I will illustrate the general principles of this model with the LIBRARY database example, which I will carry through the entire book. This example database is designed to hold data about the books in a certain library. The amount of data we will use will be kept artificially small—just enough to illustrate the concepts. (In fact, at this point, you may want to take a look at the example database. For details on downloading it from the Internet, or on using Microsoft Access to create it yourself, see Appendix D .) In the next chapter, we will actually implement the entity-relationship (E/R) model for our LIBRARY database.

What Is a Database?

A database may be defined as a collection of persistent data. The term persistent is somewhat vague, but is intended to imply that the data has a more-or-less independent existence or that it is semipermanent.
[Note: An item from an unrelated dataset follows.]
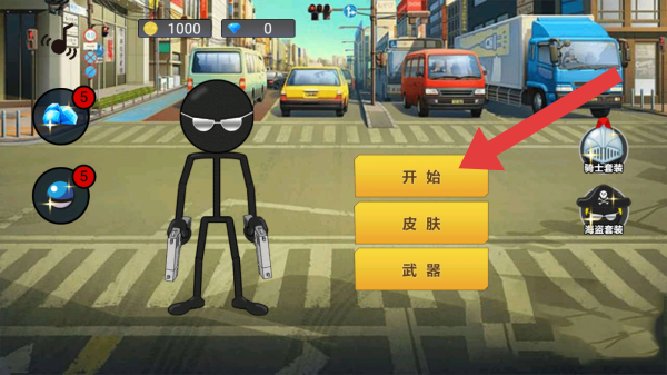 1、呈现城市街道场景,有火柴人角色持双枪、戴墨镜,点击开始的功能按钮,属于火柴人射击或冒险类的主界面。
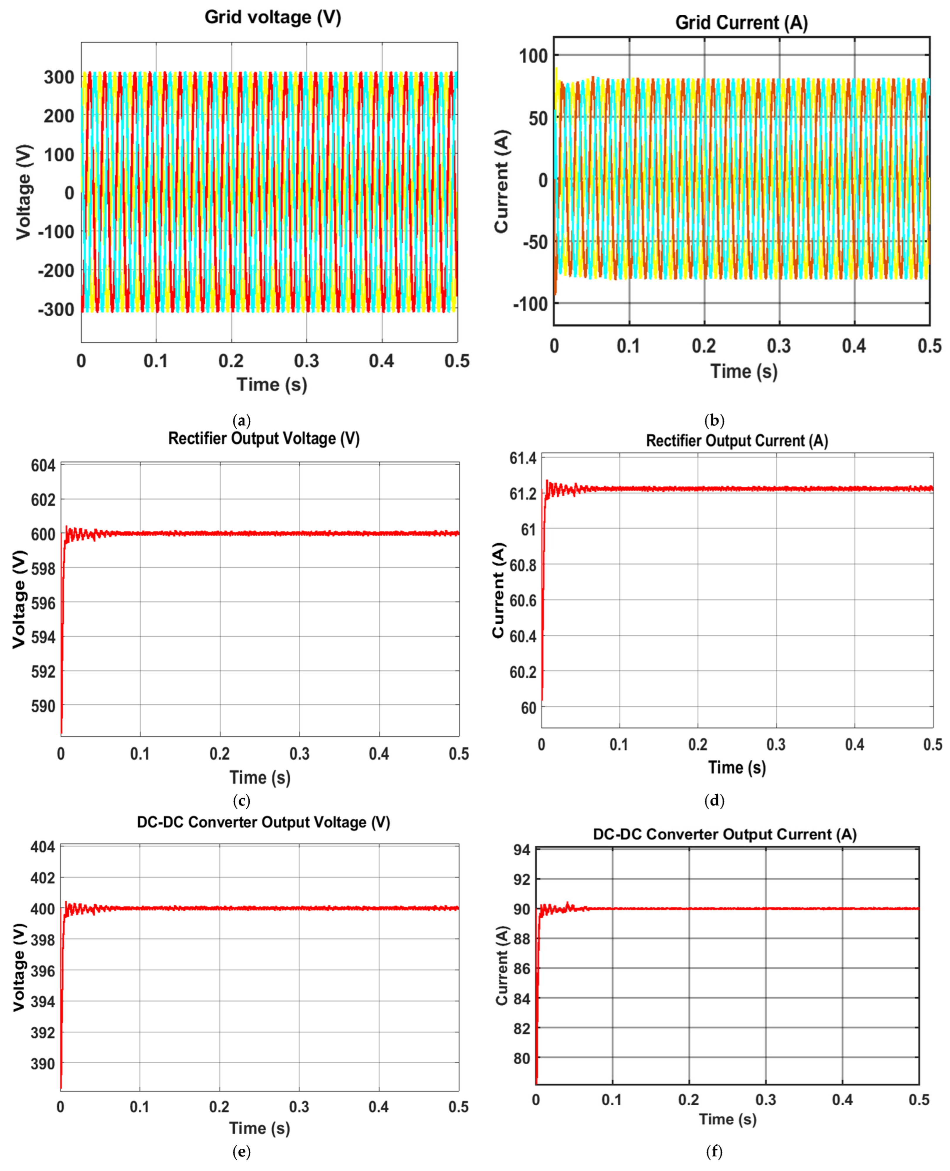 The peak-to-peak and RMS values of the voltage and current ripple were measured for the chosen steady-state period. The total harmonic distortion of the input current was calculated using fast Fourier transform analysis over a period of 10 fundamental cycles in the steady state, as recommended by IEEE.

For instance, data stored on paper in a filing cabinet, or stored magnetically on a hard disk, CD-ROM, or computer tape is persistent, whereas data stored in a computer’s memory is generally not considered to be persistent. (The term permanent is a bit too strong, since very little in life is truly permanent.)

Of course, this is a very general concept. Most real-life databases consist of data that exist for a specific purpose and are thus persistent.

Entities and Their Attributes

The purpose of a database is to store information about certain types of objects. In database language, these objects are called entities . For example, the entities of the LIBRARY database include books, authors, and publishers.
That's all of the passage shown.